Supplied material
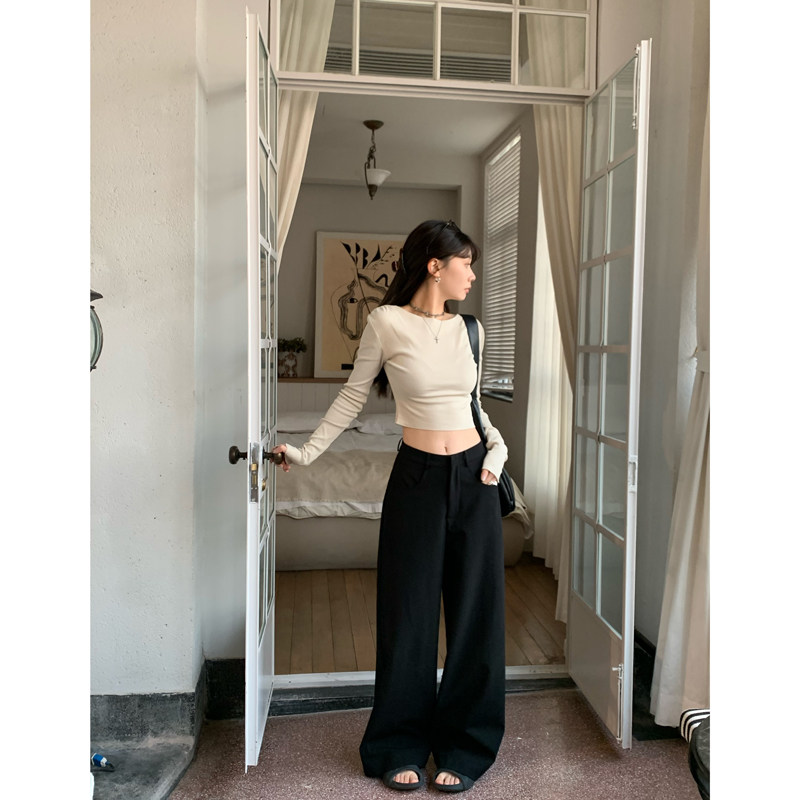 ThreeH Niu Niu Black Casual Straight Suit Pants Women's Wide Leg Loose High-End Drape Slim Long Trousers
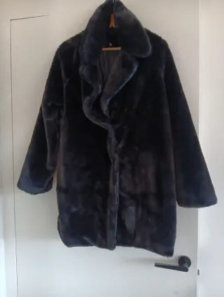 Abrigo de pelo sintético en color negro. Super cálido y favorecedor. Es una talla S amplia o una M. Cierre con boton
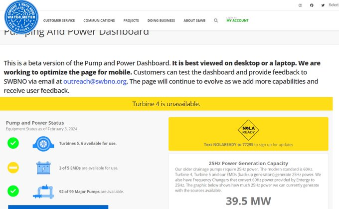 https://twitter.com/NOLAnews/status/1754225935472079079(2/5) These numbers are probably overstated. I included every 25 Hz pump at interior stations 1 and 2, but limits on their discharges make such use impossible. Also, based on years of Central Control power logs, load at the plant is usually no higher than 4.5 MW, but I have 5.7.
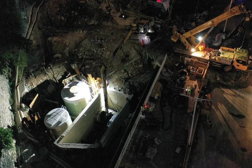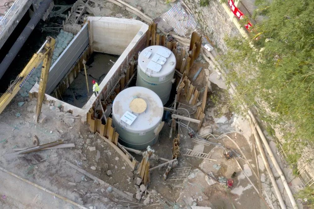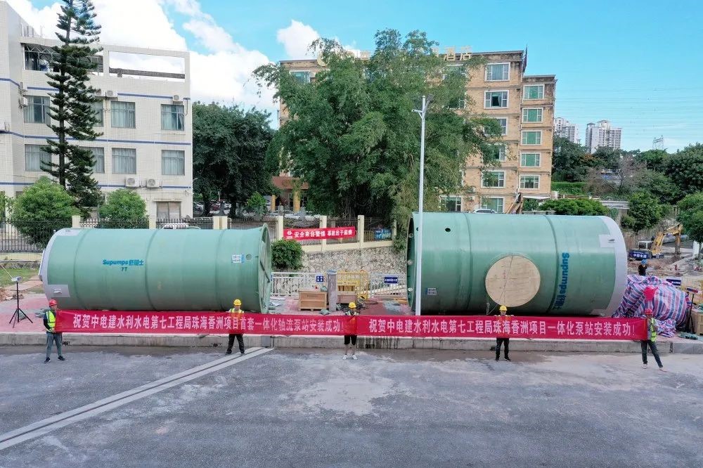 双筒并联,一体化轴流泵站直径3.8m,一体化预制泵站直径3m,筒高均为7.42m。晴天设计规模326m³/h,雨天设计规模1.5m³/s。
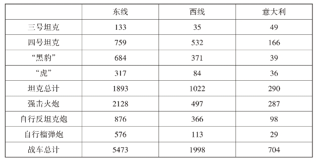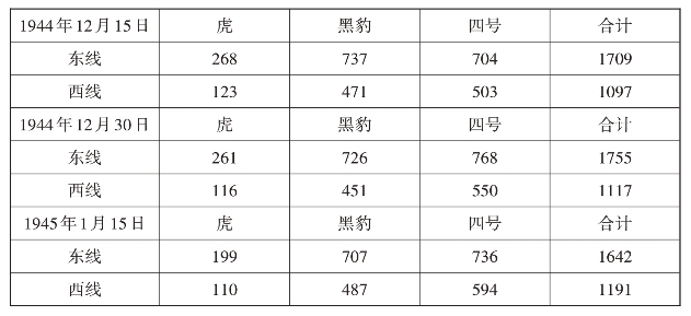 1944年底1945年初 德军在东西两线的主力型号坦克数量对比[18](单位:辆)
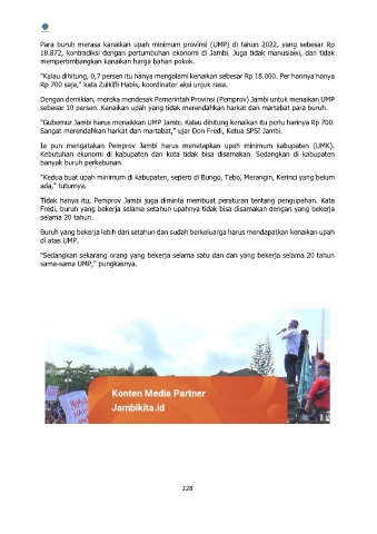 "Gubernur Jambi harus menaikkan UMP Jambi. Kalau dihitung kenaikan itu perlu harinya Rp 700.
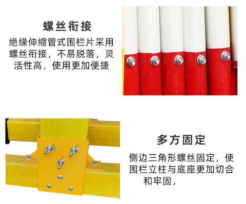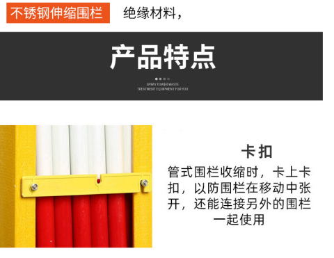 玻璃鋼伸縮圍欄特點(diǎn):由玻璃鋼管(片)組合而成,可伸縮。圍欄用絕緣材料做成,這種遮欄可以與帶電設(shè)備的導(dǎo)電部分接觸,如將導(dǎo)電部分罩住等,這就要求遮欄有良好的絕緣體性能.
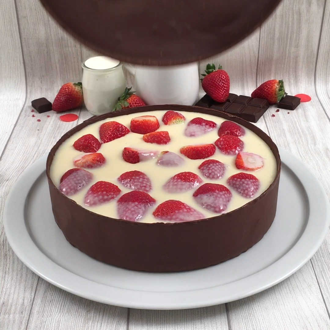 Receta baja en calorías! Esta tarta de fresa con chocolate y copos de cereal es perfecta para refrescantes meriendas.
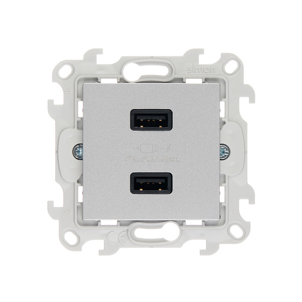 Розетка USB Simon 24 Harmonie встраиваемая алюминий 2хUSB-А (2411096-033)
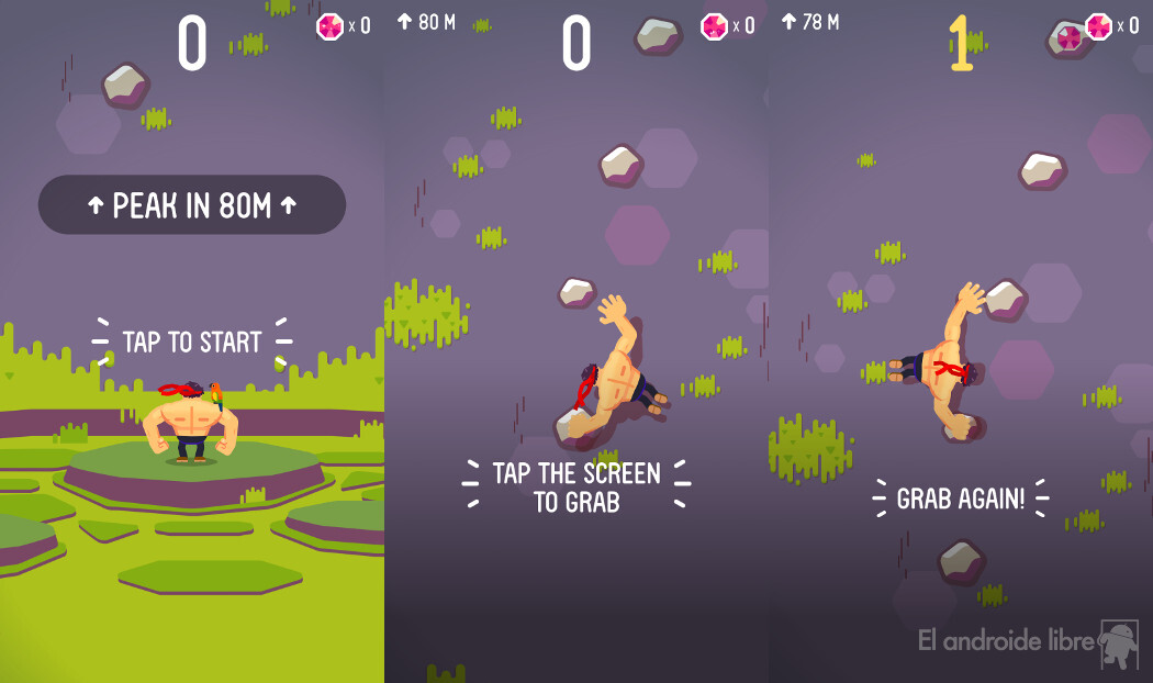 Rocky Climb, no obstante, sigue todas las pautas del juego clásico de Android. Tenemos publicidad que nos servirá para avanzar, un tipo especial de moneda que sólo conseguiremos o jugando mucho o pagando y unos cosméticos para darle otro aspecto a nuestro forzudo.
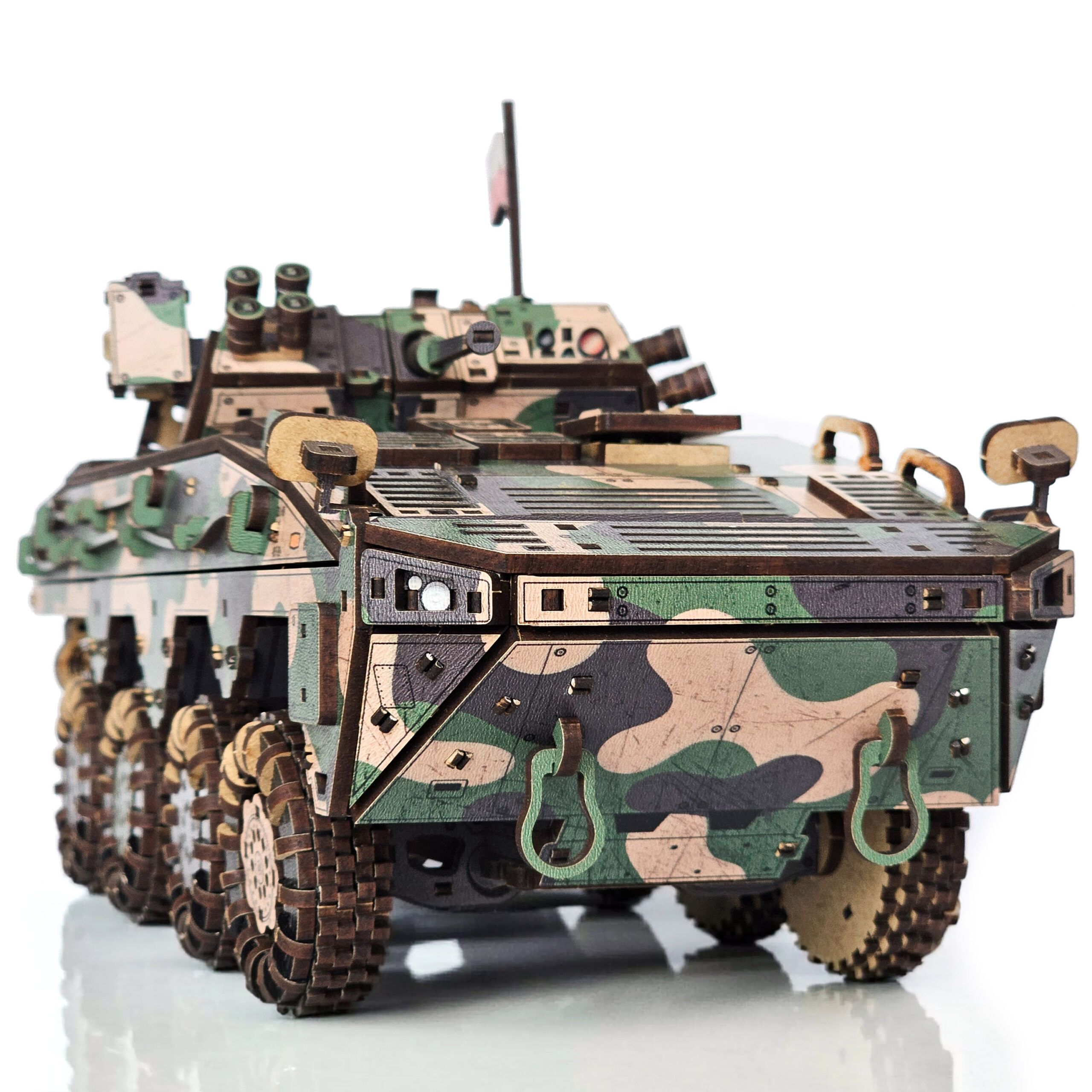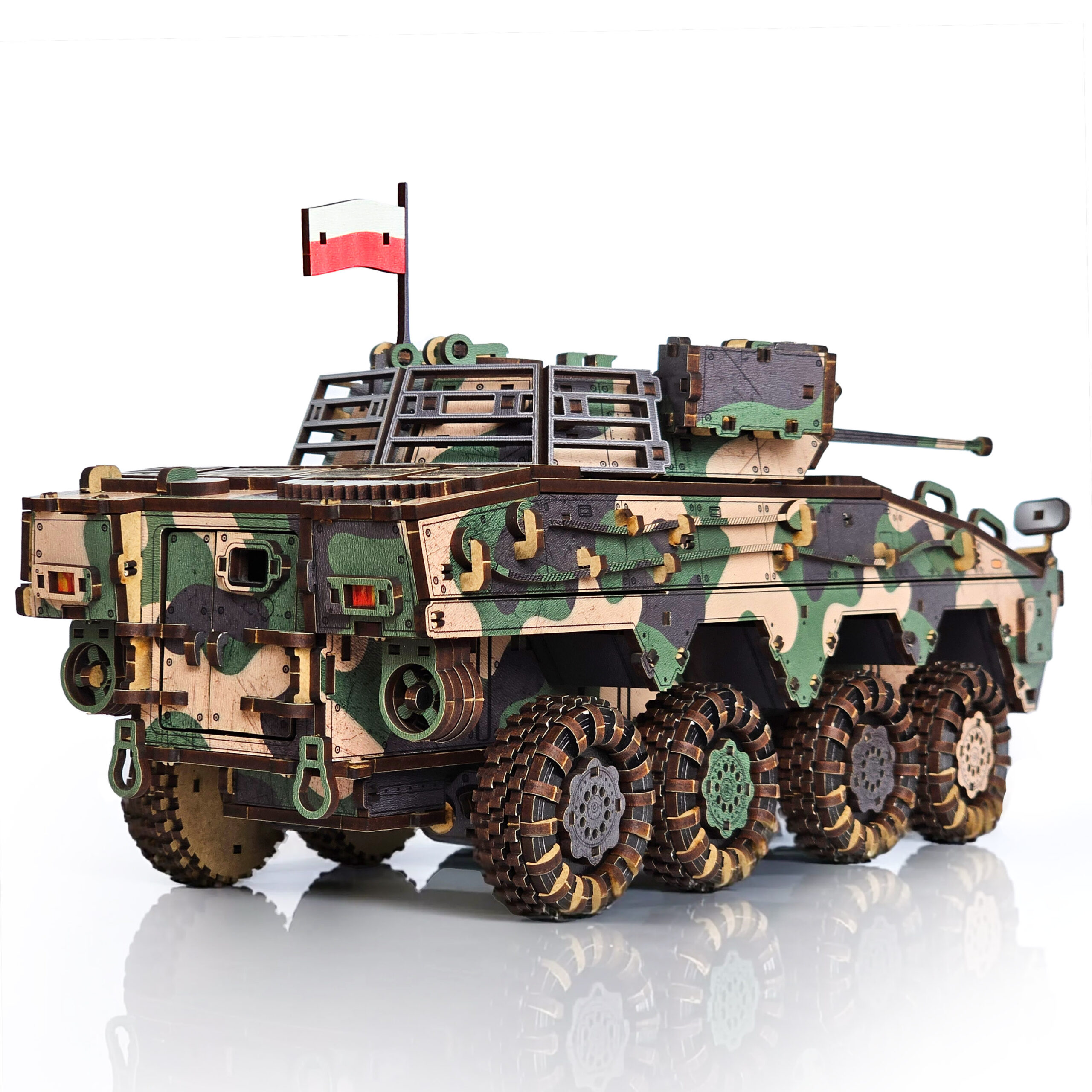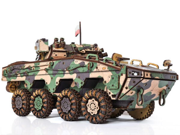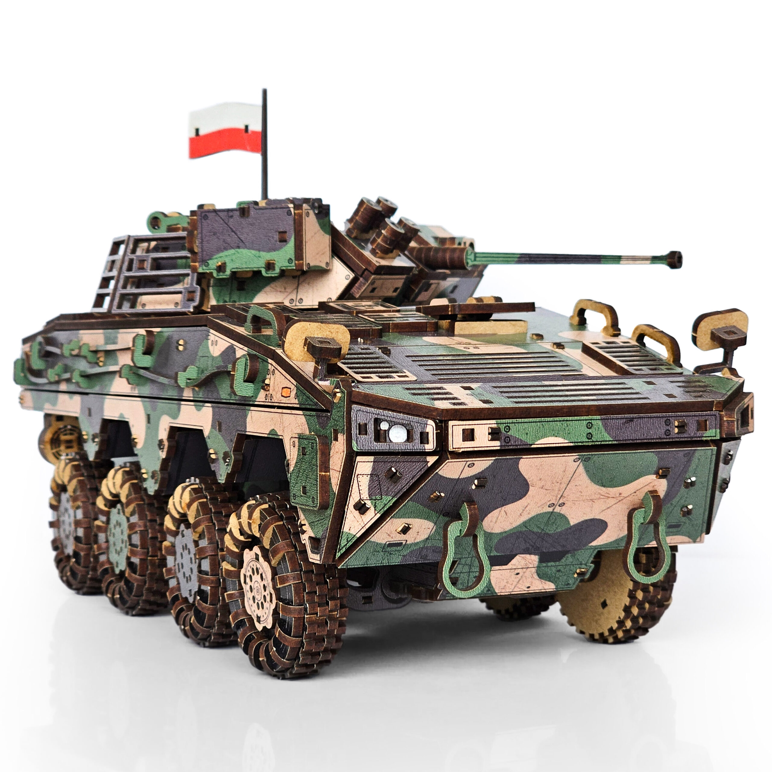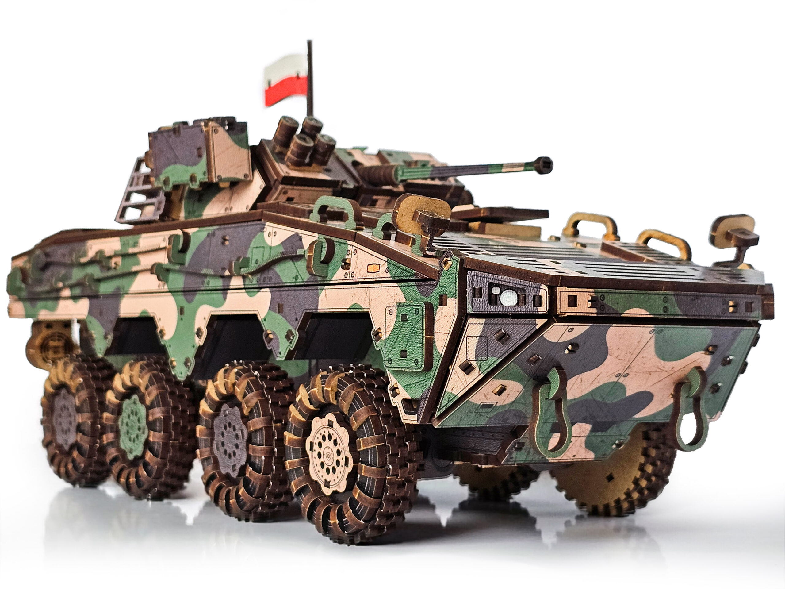 Перед тобою детальний дерев’яний 3D конструктор колісного бронетранспортера KTO Rosomak – машини, яку Польща передала Україні і яка реально працює на полі бою. Збери власний символ польсько-українського братерства та підтримки ЗСУ. 🇵🇱🤝🇺🇦
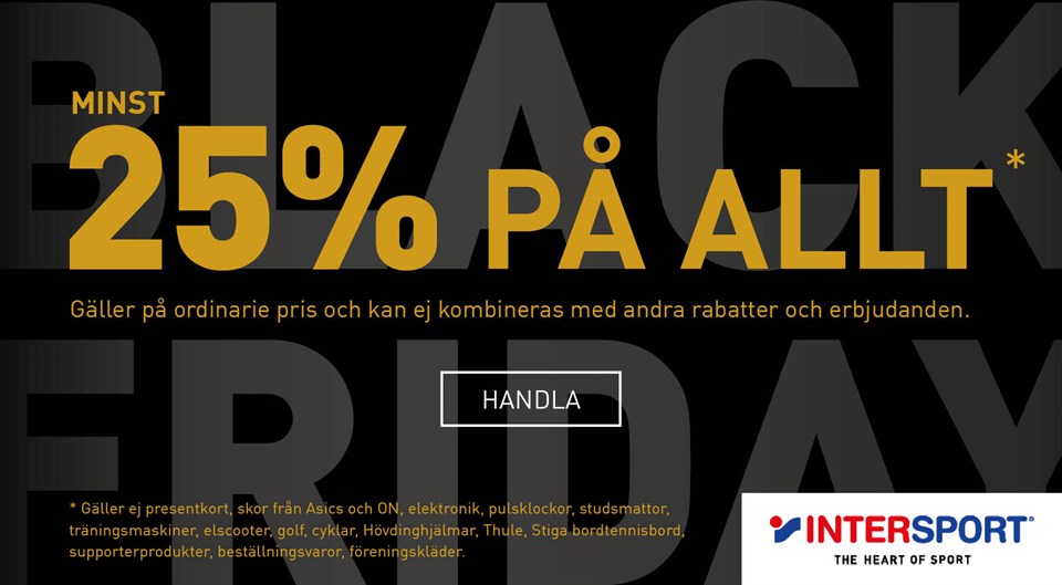 Black Friday på Intersport! Den 25–29 november firar vår samarbetspartner Inter­sport Black Friday och ger minst 25% på allt* + massa grymma superklipp. Passa på att köpa allt från fotbollsskor och kängor till vinterjackor, träningskläder och prylarna för idrottssäsongen. När du handlar på Intersport är du samtidigt med och stöttar vår förening. För du har väl valt vår förening att stötta extra på ”Mina sidor”? F -09/10 24 nov 2021 0kommentarer
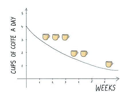 Decrease caffeine intake gradually. If you want to lose weight, eliminating sugary sodas and high-fat caffeinated beverages from your diet is a good thing. However, if you cut back on caffeine too quickly, you may trigger a migraine. Because caffeine is a drug, your body may become dependent on it if you drink caffeinated beverages frequently throughout the day. Lowering your caffeine intake gradually gives your body time to adjust to the decrease in the drug, so you'll get fewer headaches as a result. For example, if you drink 4 cups of coffee a day, you might move to 3, then drop to 2 after a couple of weeks. Try substituting chicory for coffee. It’s a blend of herbs and spices that has a rich flavor, but no caffeine. Tip: Since dairy can also be a migraine trigger, try switching to a dairy-free creamer in your tea and coffee.

Problem details
Every line above from the one with "双筒并联,一体化轴流泵站直径" down to the one with "Black Friday på" must be written out exactly, and no picture may appear.

Output of the exercise
 双筒并联,一体化轴流泵站直径3.8m,一体化预制泵站直径3m,筒高均为7.42m。晴天设计规模326m³/h,雨天设计规模1.5m³/s。
 1944年底1945年初 德军在东西两线的主力型号坦克数量对比[18](单位:辆)
 "Gubernur Jambi harus menaikkan UMP Jambi. Kalau dihitung kenaikan itu perlu harinya Rp 700.
 玻璃鋼伸縮圍欄特點(diǎn):由玻璃鋼管(片)組合而成,可伸縮。圍欄用絕緣材料做成,這種遮欄可以與帶電設(shè)備的導(dǎo)電部分接觸,如將導(dǎo)電部分罩住等,這就要求遮欄有良好的絕緣體性能.
 Receta baja en calorías! Esta tarta de fresa con chocolate y copos de cereal es perfecta para refrescantes meriendas.
 Розетка USB Simon 24 Harmonie встраиваемая алюминий 2хUSB-А (2411096-033)
 Rocky Climb, no obstante, sigue todas las pautas del juego clásico de Android. Tenemos publicidad que nos servirá para avanzar, un tipo especial de moneda que sólo conseguiremos o jugando mucho o pagando y unos cosméticos para darle otro aspecto a nuestro forzudo.
 Перед тобою детальний дерев’яний 3D конструктор колісного бронетранспортера KTO Rosomak – машини, яку Польща передала Україні і яка реально працює на полі бою. Збери власний символ польсько-українського братерства та підтримки ЗСУ. 🇵🇱🤝🇺🇦
 Black Friday på Intersport! Den 25–29 november firar vår samarbetspartner Inter­sport Black Friday och ger minst 25% på allt* + massa grymma superklipp. Passa på att köpa allt från fotbollsskor och kängor till vinterjackor, träningskläder och prylarna för idrottssäsongen. När du handlar på Intersport är du samtidigt med och stöttar vår förening. För du har väl valt vår förening att stötta extra på ”Mina sidor”? F -09/10 24 nov 2021 0kommentarer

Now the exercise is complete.